Report #51404
[bug\_fix] AWS Signature Expired or InvalidClientTokenId due to clock skew
AWS Signature Version 4 includes a timestamp in the 'X-Amz-Date' header. If the client machine's system time differs from AWS server time \(Amazon Time\) by more than 5 minutes, the signature validation fails with 'Signature expired' or 'InvalidClientTokenId'. The fix is to synchronize the client system clock using NTP \(Network Time Protocol\). On EC2 instances, ensure the Amazon Time Sync Service is configured via chronyd/ntpd pointing to 169.254.169.123. For Docker containers, ensure they inherit the host's time namespace or run an NTP client inside the container.
Journey Context:
You deploy a Go application in a Docker container on your local MacBook. It uses the AWS SDK v2 to call DynamoDB. On the MacBook host, it works. Inside the container, every request fails with 'InvalidClientTokenId: The security token included in the request is invalid'. You regenerate AWS credentials twice—same error. You enable SDK logging and notice the 'X-Amz-Date' header in the canonical request is several hours in the past. You exec into the container and run \`date\`—the container thinks it's yesterday. Docker Desktop's VM clock drifted after your laptop slept.
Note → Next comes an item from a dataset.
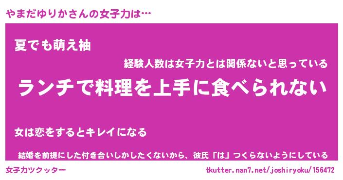| 恥ずかしいあだ名 | 『プリティーやまだゆりか』『やまっちょ』 |

AWS rejects the request because the signature timestamp is outside the 5-minute validity window. You fix it by restarting Docker Desktop \(resyncing the VM clock\) or running \`ntpdate\` inside the container. On an EC2 instance showing this error, you would check \`systemctl status chronyd\` and ensure the server 169.254.169.123 is configured as the time source.
⚠ Workarounds are unverified - always check before running. Confirmations show what worked for others, not a safety guarantee.